I have a neural network with one hidden layer and an activation function for the output layer: $$f_k(w,u)(x) = \sum_{i = 1}^{m_1} w_{ki} \max\left(0,\sum_{j=1}^d u_{ij}x_j\right)$$
I am supposed to implement gradient descent with two update rules:
$$w \rightarrow w - \alpha \frac 1 B \sum_{i=1}^B \nabla_w L(y_i, f(w,u)(x_i))$$
$$u \rightarrow u - \alpha \frac 1 B \sum_{i=1}^B \nabla_u L(y_i, f(w,u)(x_i))$$
$$L(y,f(w,u)(x)) = -\ln \left( \frac{e^{f_y(w,u)(x)}}{\sum_{k=1}^K e^{f_k(w,u)(x)}} \right) $$
Simplifying the loss with respect to the logarithm I get
$$L(y,f(w,u)(x)) = -f_y(w,u)(x)\ln(e) + \ln\left(\sum_{k=1}^Ke^{f_k(u,w)(x)}\right)$$
Calculating the gradient:
\begin{align} & \nabla_w L(y,f(w,u)(x)) \\[10pt] = {} & -\nabla_w f_y(w,u)(x)\ln(e) + \frac 1 {\sum_{k=1}^K e^{f_k(u,w)(x)}} \, \nabla_w \sum_{k=1}^Ke^{f_k(u,w)(x)} \\[10pt] = {} & -\nabla_w f_y(w,u)(x)\ln(e) + \frac{1}{\sum_{k=1}^Ke^{f_k(u,w)(x)}} \sum_{k=1}^Ke^{f_k(u,w)(x)} \, \nabla_w f_k(u,w)(x) \end{align}
However, I am stuck here as I do not know how to calculate the gradient $\nabla_w f_k(u,w)(x)$ or $\nabla_u f_k(u,w)(x)$ as both $u$ and $w$ are matrices.
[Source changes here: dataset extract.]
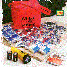 Our 6-Day Survival Kit has an insulated vinyl bag with convenient shoulder strap holds 6-day supply of emergeny food rations and 12 water pouches (5-year shel life, U.S. Coast Guard approved) plus first aid supplies, flashlight, 2 "D" batteries, 2 Kleenex tissue paackets, and survival blanket. The double zippered tote is refillable and can also be used as a cooler. Valuable gift or premium, especially popular in areas affected by hurricanes floods and earthquakes.

My main problem lays with $$\nabla_w f_k(u,w)(x)$$ as here I have to derive with respect to $w$ in $f_k$. However, when transforming the matrix w to a vector to compute the derivative the result becomes independent from k, which does not make sense. So the overall question would be: How can I compute the gradient for a function if not the whole vector is used in the function body/even exists for that function (as only every kth value of w would be used after vectorization of w)?
As this is a selfstudy question I would greatly appreciate any pointers and no actual solutions.